Frequently Asked

What follows are some of the most frequently asked questions about RCR. To learn more, send us an email.

A/R Financing is the purchase of accounts receivable at a discount for immediate cash. A/R Financing gives businesses the power to ensure growth without diluting equity or incurring debt.

The Contract Financing Facility (CFF) is not Factoring, we do not purchase your invoice(s) at a discount, we do however, use the accounts’ receivables as collateral. Additionally, we do not engage your General Contractor or Project Owner(s) as in the case of factoring. The Contract Financing Facility can be used on both Public and Privately owned projects.

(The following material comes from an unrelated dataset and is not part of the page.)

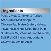 Poultry Meal (Chicken & Turkey &/Or Duck), Rice, Sorghum, Chicken Fat, Maize Gluten, Natural Flavour (Chicken), Dried Beet Pulp, Sunflower Oil, Vitamins And Minerals, Salt, Fish Oil, Inulin, Antioxidants, Colostrum, Amino Acids.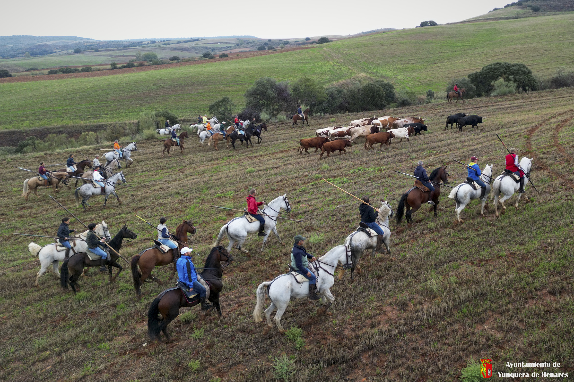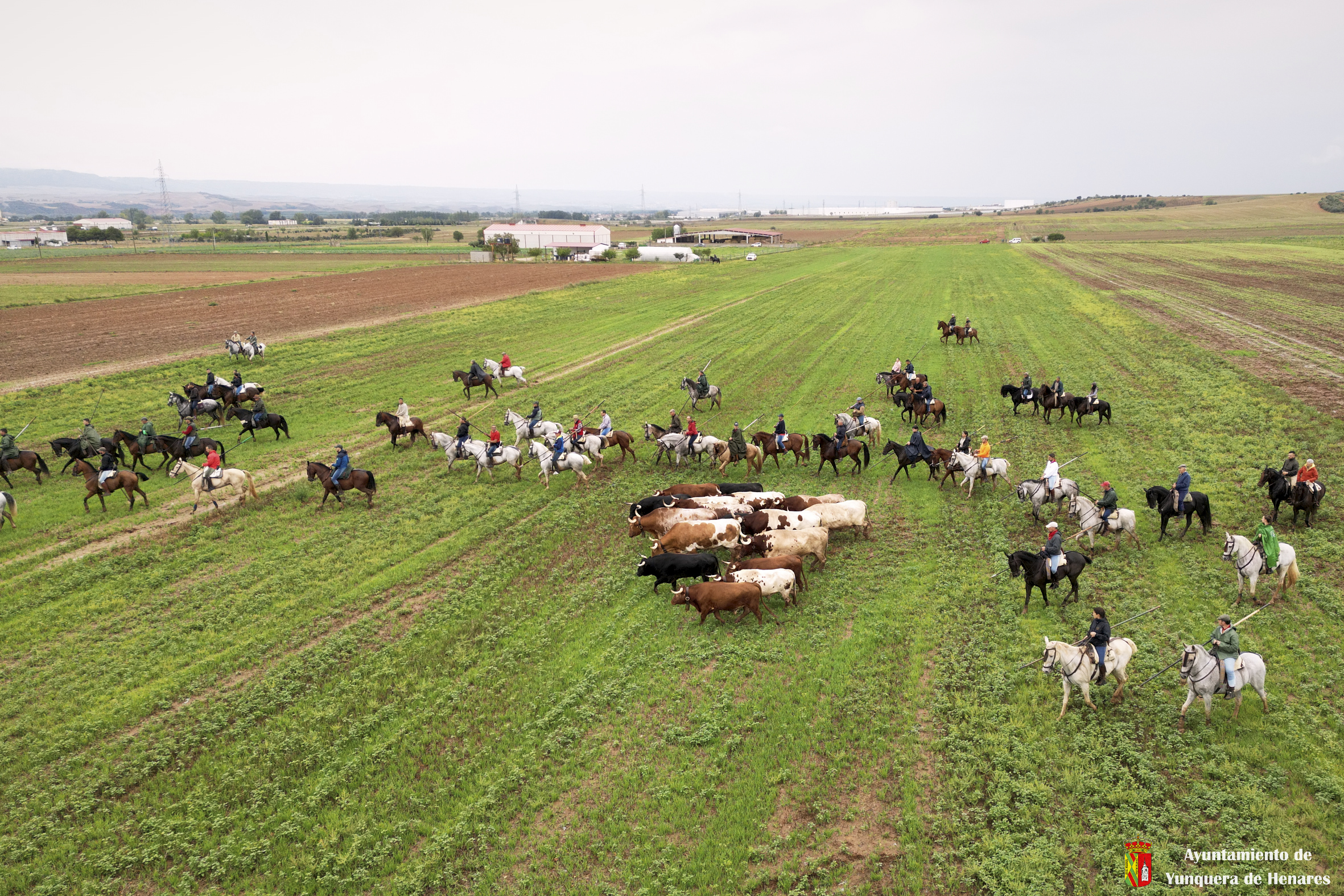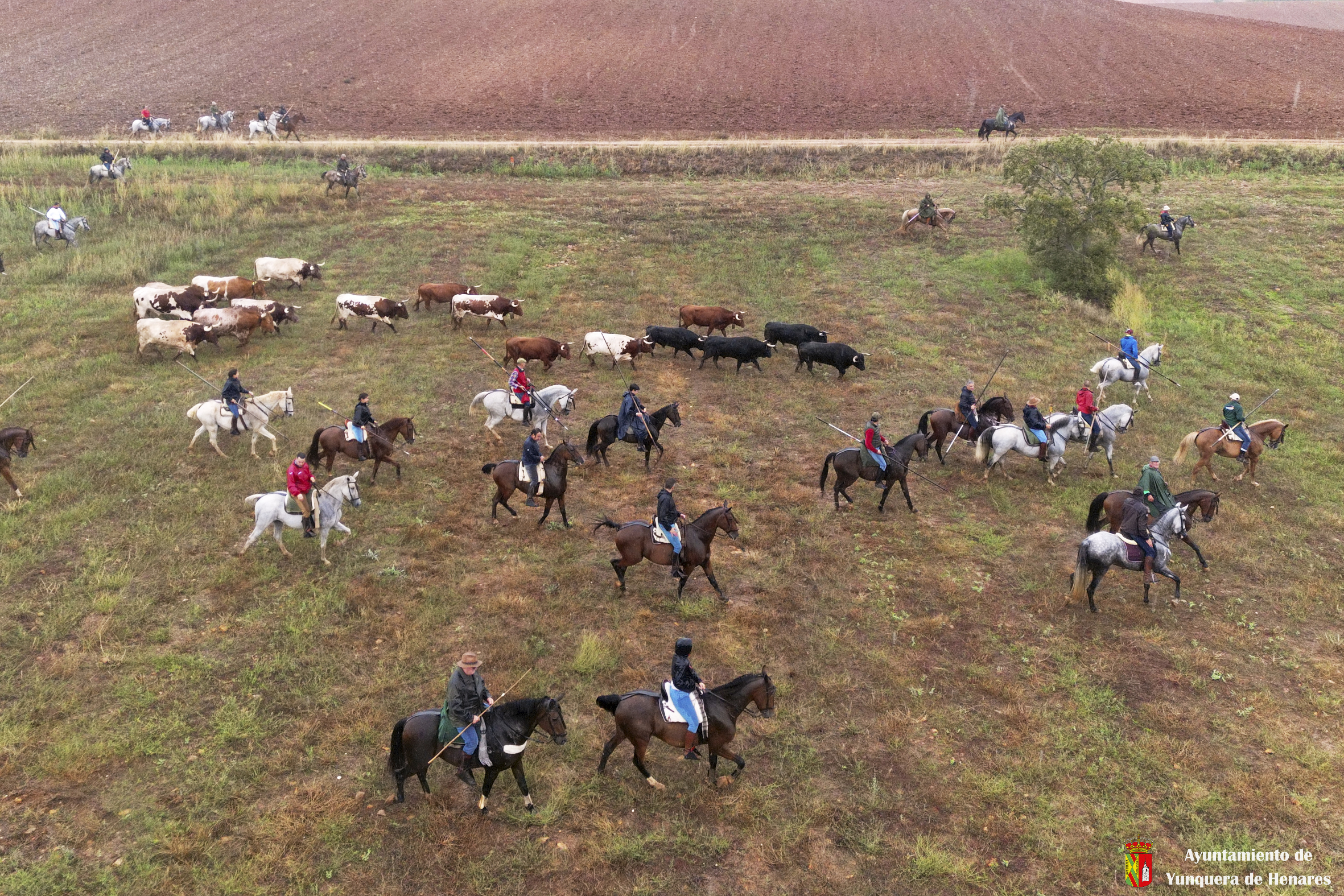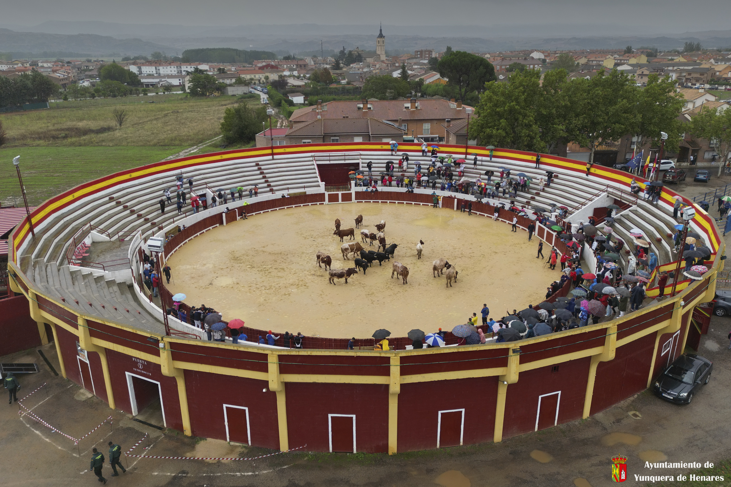 La tradicional Bajada de Yunquera de Henares se ha celebrado con normalidad a pesar de la lluvia. En torno a las diez y media de la mañana salían los utreros de la ganadería de Sandra Sopeña junto a bueyes y caballistas camino de la Plaza de toros de «Las Traviesas».

  • The CFF can be used for Bonded and Non-Bonded Projects.
  • The CFF supports both Sub-Contractors and General Contractors.
  • The CFF is underwritten in house: Financially and Technically. Technical underwriting for project and project owner is done by a Third Party Engineering Company.
  • The CFF is monitored by specific project use and by product design, and does not allow the client to be in default.
  • In addition to regular cash flow, funds can be used for pass through stored materials and equipment specifically being used for that project.
  • The CFF may be used only for the time needed. There is no obligation to use minimum amounts or for a specific time period.
  • All funds are managed by a controlled account at JP Morgan Chase.

The overall financing cost per project may range from 1.5% to 3% of the total cost of the project.

A proposal (Pre-qualified ) means that the company has been evaluated and we are 90% sure that the facility line extended is accurate. All we need to do is the final due diligence; to confirm that information presented by client is accurate and correct. The Technical underwriting is not done at this phase, therefore, if for any reason a project or owner is not approved, we will just have to move on to the next project—the crucial thing here is that the company is approved financially and that the projects are viable. From receipt of the requested information it will take 24-72 hours to issue a proposal (pre-qualification).

We can finance multiple, on going projects, as long as their completion percentage is not greater than 30%. We can finance all new projects.

Yes, we can pay off your existing credit facilities with a bank or any other financial group.

1. Our only collateral we require is an “assignment of proceeds” from the project owner.
2. No personal guaranty’s required.
3. No additional collateral required.

4. Buy supply materials in bulk and pay your suppliers early for a discount.
5. Pay your subcontractors, labor costs and employees on time.
6. The positive cash flow from the project(s) we finance can be used for any purpose.

7. “Bid to Win” more and larger projects once our pre-approved line of credit is in place.
8. Winning one more project increases your profitability and pays for all borrowing costs.
9. Origination fees in year 2 are cut in half which further reduces borrowing costs.

Making sure that your accounts receivable is healthy is good for your business, and will help you get the financing you need. Here are three items that lenders consider when they evaluate your A/R.

Lenders shy away from business that has more than 20-25% of its A/R owed by any one customer. The risk factor greatly increases when a company has all its eggs in one basket. A default by one customer could bring down a business and cost the factor greatly. Lenders prefer receivables being spread out over a fairly even number of clients.

A lender must consider whether or not your business could survive if your largest customer goes bankrupt, finds another supplier of goods or services, or refuses to pay because of a dispute. The lender will want to feel certain that you will be able to find enough additional customers to keep your company in business. The less you are dependent upon any one customer, the more attractive your A/R will be to a lender.

Lenders look to the credit worthiness of your customers, rather than your credit strength. Just like you, they want to ensure that they will be paid. A lender will want to understand the credit check process your company utilizes in determining whether or not it is willing to do business with a new company.

Lenders also want to know for each $100 that you bill, how much do you actually collect – $98, $88, $70? The lender will want to know whether your customers generally pay you the face amount of your invoices, or rather are there often offsets, short pays, disputes, processing fees, etc. This may indicate problems in your operations such as billing or paperwork problems. Lenders need to feel confident that when you bill $100, you will collect $100. If a lender gives you a 90% advance rate, but you only collect $88 on the $100 billed, the lender will be unwilling to continue to advance you funds.